Task statement:
Begin at the first line of the data and copy each line through the one containing "De afvalscheidingsunit heeft", that line included, with no pictures.

Data extracts:
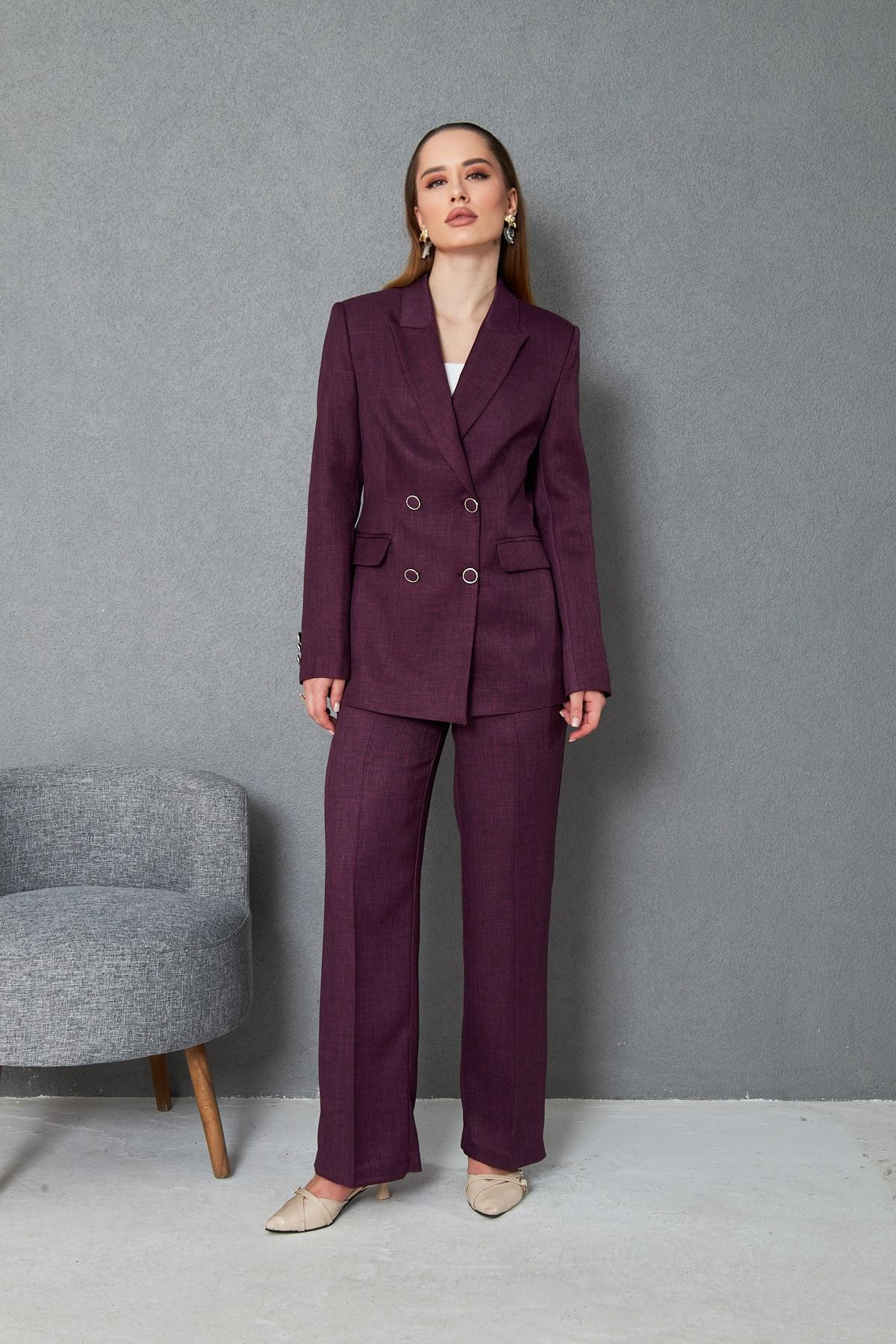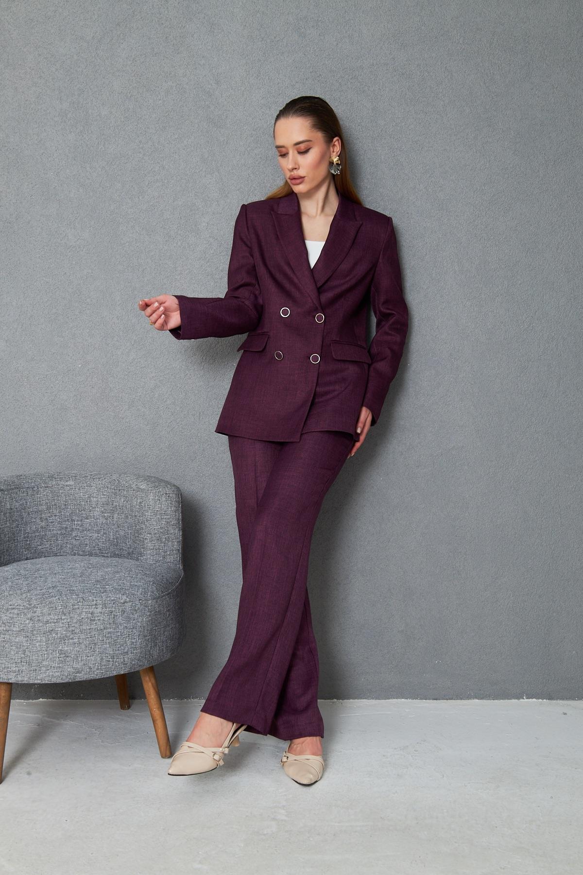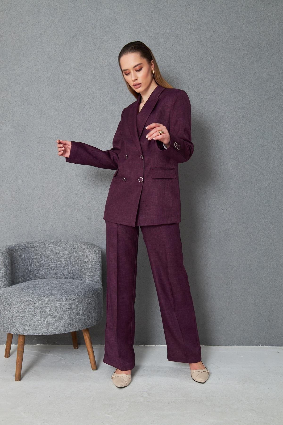 4 Düğmeli Kruvaze Yünefekt Takım Mürdüm (832)
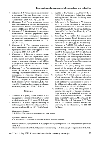 1. Адаменко А. А. Современные методы управления рисками экономических систем // Деловой вестник предпринимателя. 2024. № 1(15). С. 46-50. EDN: ZUYGQV
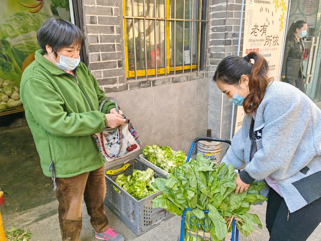 玉林北路和苑小区社区居民在楼下小菜店买菜。新华社记者董小红 摄
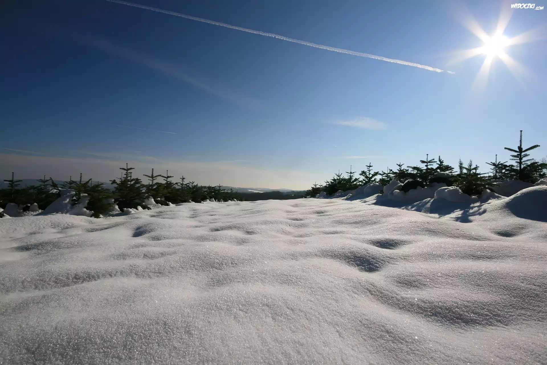 Zdjęcia, Śnieg, Las, Promienie ,Słońca
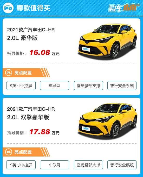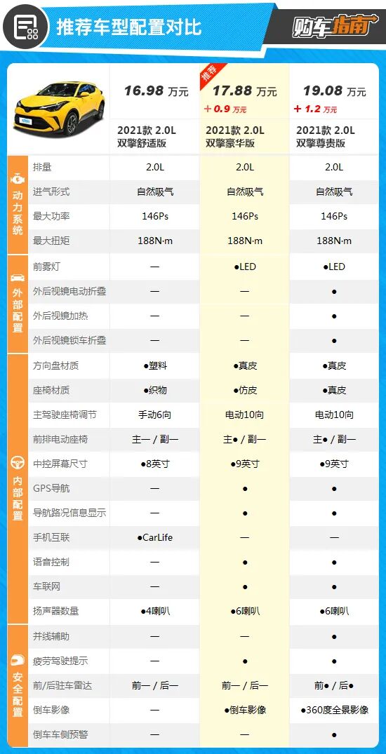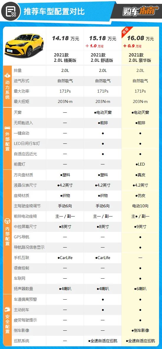 而顶配车型尊贵版售价为19.08万元,已经逼近20万元大关。相比推荐车型增加的配置比较有限,包括并线辅助、前后雷达、360度全景影像、倒车车侧预警、外后视镜电动折叠/加热等,这些功能虽然实用性很强,但大多数都可通过后期加装来解决,因此并非刚需配置。因此,综合配置、售价等因素来看,价格相对适中且配置搭配合理的2.0L豪华版和2.0L 双擎豪华版在新款C-HR全系车型中具有更高的性价比,至于选择燃油版还是双擎版,消费者可根据自身需求来决定。
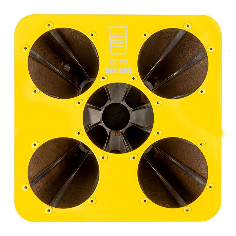 De afvalscheidingsunit heeft een scharnierend deksel en is voorzien van een aluminium bekerinzet met gekleurde (geel) aluminium plaat met 5 gaten (openingen Ø 8 cm). Recycling stickers om de verschillende afvalstromen duidelijk te maken worden meegeleverd. De geïntegreerde zakhoudbeugels zorgen ervoor dat de afvalzak eenvoudig te klemmen is. Door het buizenframe van de bekerinzet worden de weggegooide bekers automatisch efficiënt gestapeld waardoor er meer bekers in de bekerbak passen. Optioneel is er een kunststof schroevenset (AF176) beschikbaar om meerdere bakken te koppelen tot afvalscheidingsstation.
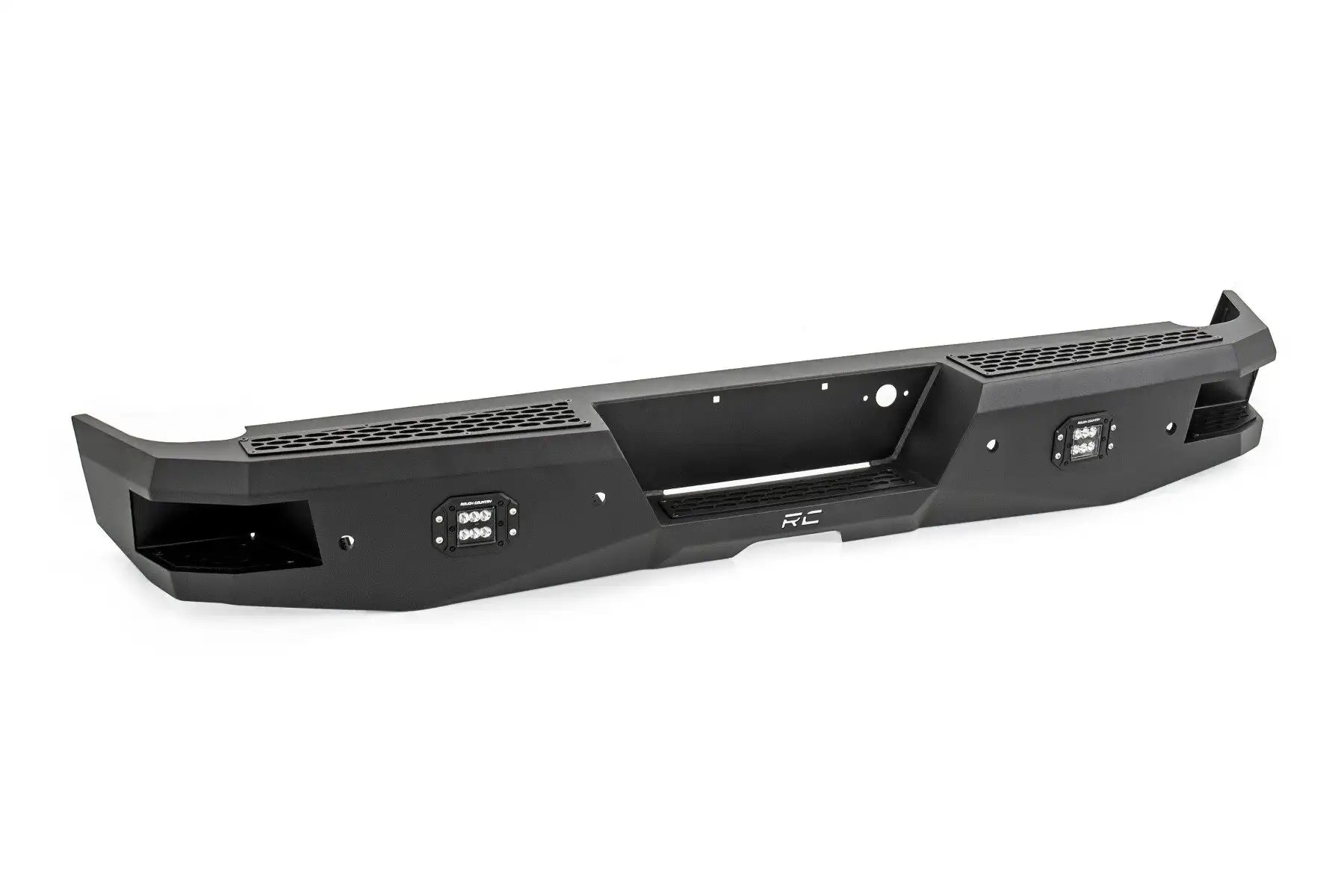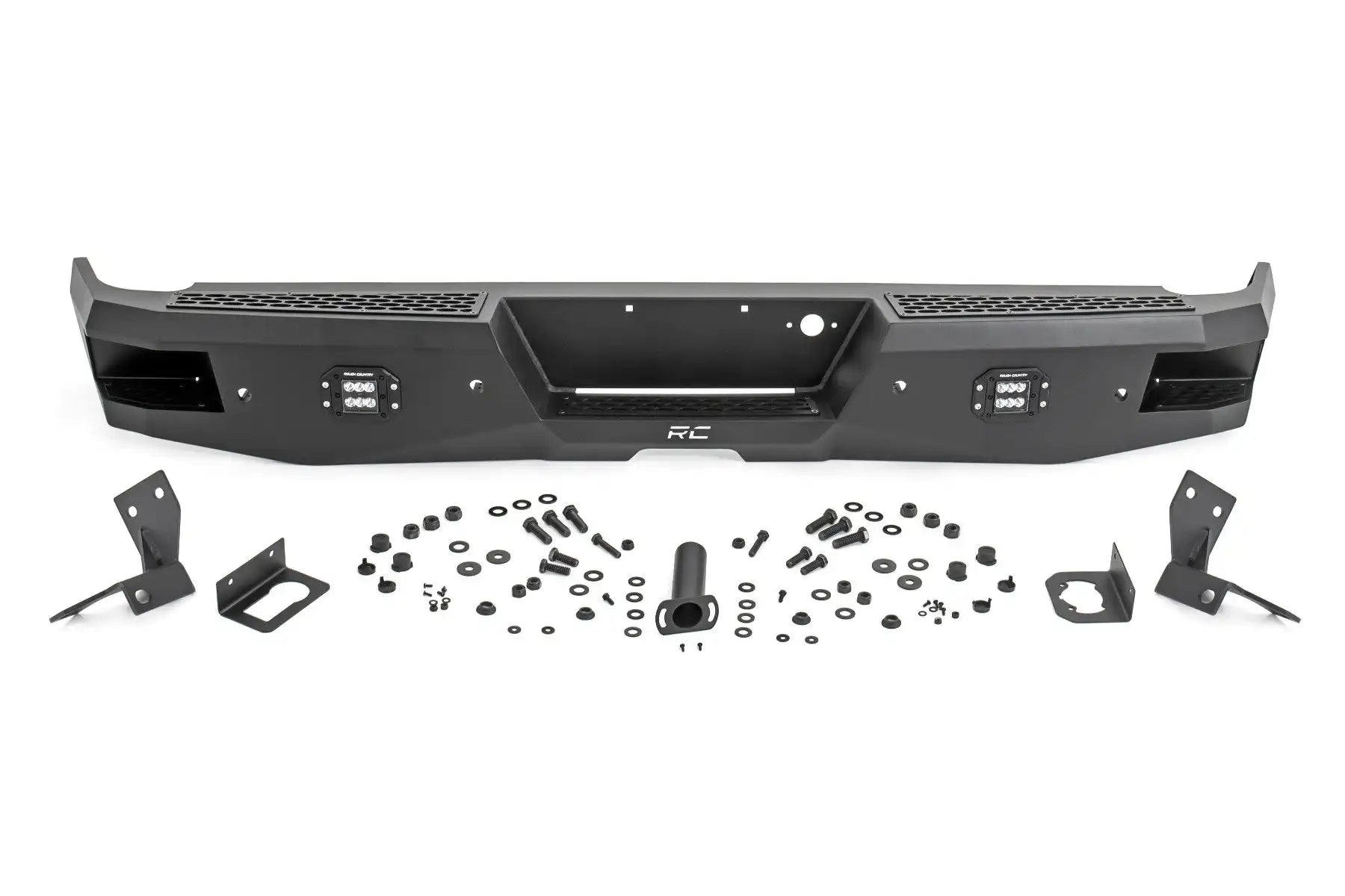 Give the rear of your GM 1500an aggressive, new appearance with Rough Country’s Rear LED Bumper. This easy-to-install upgrade gives your truck an improved look and better functionality. Each bumper features two Rough Country Black-Series 2in LED Flush Mount Cubes for rear illumination, and two integrated steps for easy access to the bed. Rough Country’s Rear LED Bumper is made of a durable, all-steel construction that’s ready to handle whatever you dish out. Each bumper also includes sensor relocators to allow you to retain the vehicle’s anti-collision system. Unlike some aftermarket bumpers for this model, Rough Country’s LED Rear Bumper allows you to retain the factory receiver hitch for towing. Complete the look with Rough Country’s Front LED Bumper for a total transformation of your truck. Includes a 3-year Warranty!
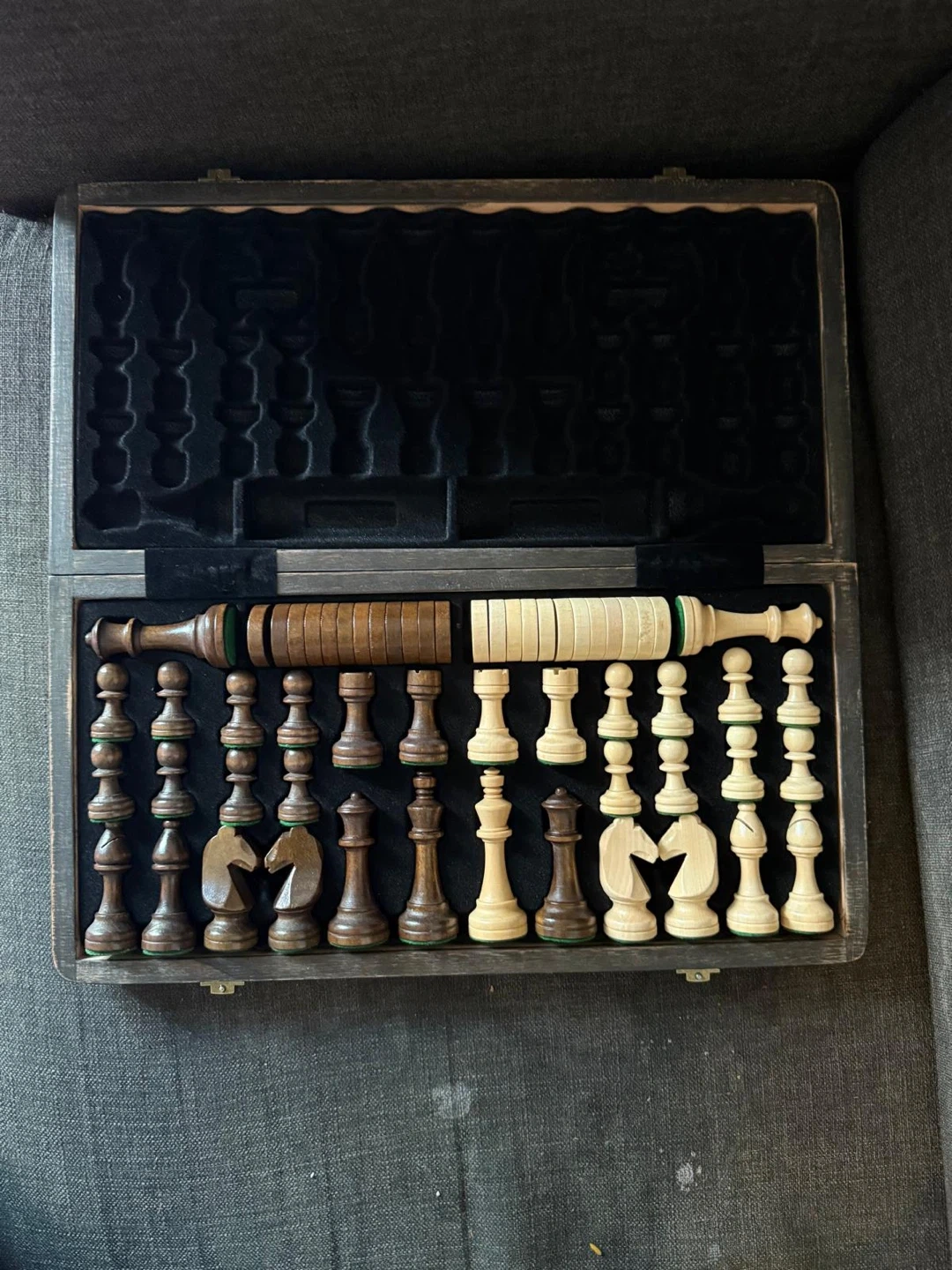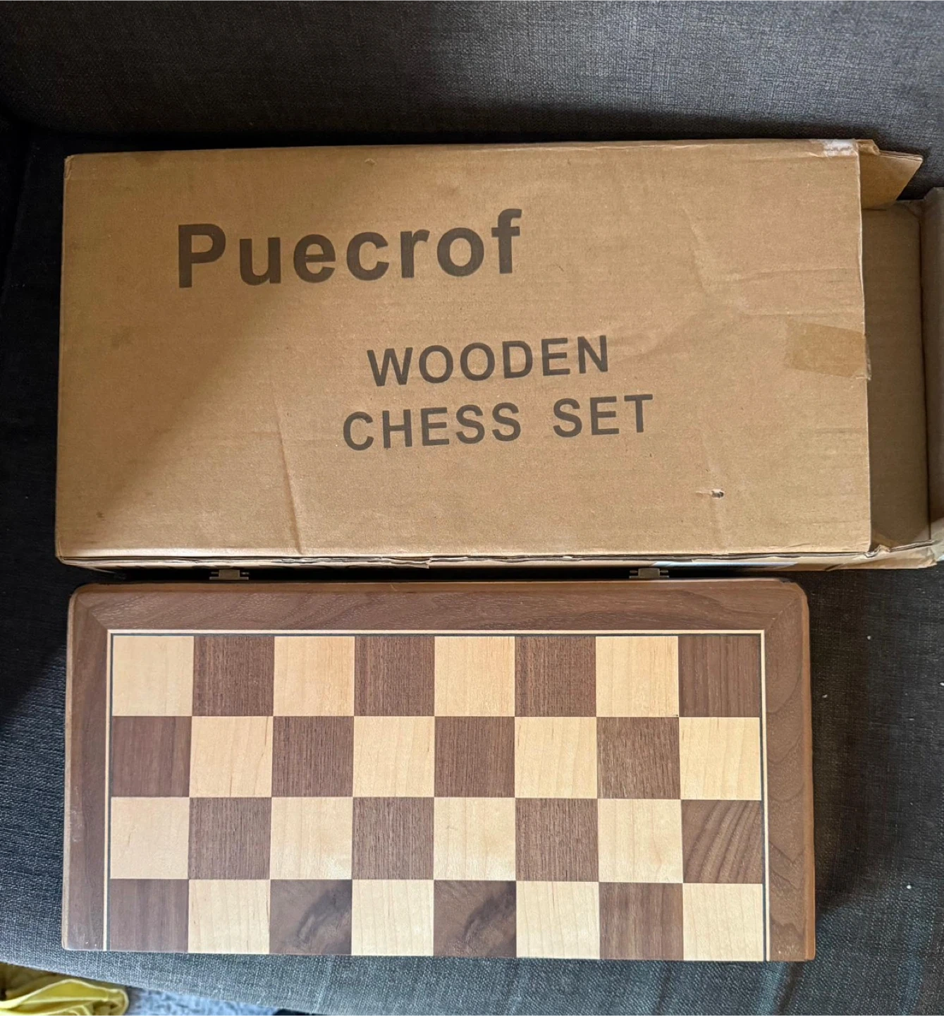 15Selling a Puecrof wooden chess set, complete with all the pieces and the original box! It's in great condition and ready for a new home. Perfect for chess enthusiasts or anyone looking to learn the game
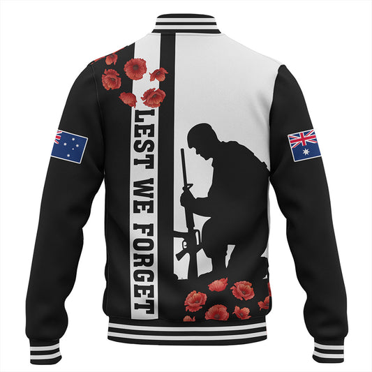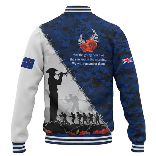 New Zealand Baseball Jacket Anzac Day Lest We Forget Poppy Flower Symbol

Answer:
 4 Düğmeli Kruvaze Yünefekt Takım Mürdüm (832)
 1. Адаменко А. А. Современные методы управления рисками экономических систем // Деловой вестник предпринимателя. 2024. № 1(15). С. 46-50. EDN: ZUYGQV
 玉林北路和苑小区社区居民在楼下小菜店买菜。新华社记者董小红 摄
 Zdjęcia, Śnieg, Las, Promienie ,Słońca
 而顶配车型尊贵版售价为19.08万元,已经逼近20万元大关。相比推荐车型增加的配置比较有限,包括并线辅助、前后雷达、360度全景影像、倒车车侧预警、外后视镜电动折叠/加热等,这些功能虽然实用性很强,但大多数都可通过后期加装来解决,因此并非刚需配置。因此,综合配置、售价等因素来看,价格相对适中且配置搭配合理的2.0L豪华版和2.0L 双擎豪华版在新款C-HR全系车型中具有更高的性价比,至于选择燃油版还是双擎版,消费者可根据自身需求来决定。
 De afvalscheidingsunit heeft een scharnierend deksel en is voorzien van een aluminium bekerinzet met gekleurde (geel) aluminium plaat met 5 gaten (openingen Ø 8 cm). Recycling stickers om de verschillende afvalstromen duidelijk te maken worden meegeleverd. De geïntegreerde zakhoudbeugels zorgen ervoor dat de afvalzak eenvoudig te klemmen is. Door het buizenframe van de bekerinzet worden de weggegooide bekers automatisch efficiënt gestapeld waardoor er meer bekers in de bekerbak passen. Optioneel is er een kunststof schroevenset (AF176) beschikbaar om meerdere bakken te koppelen tot afvalscheidingsstation.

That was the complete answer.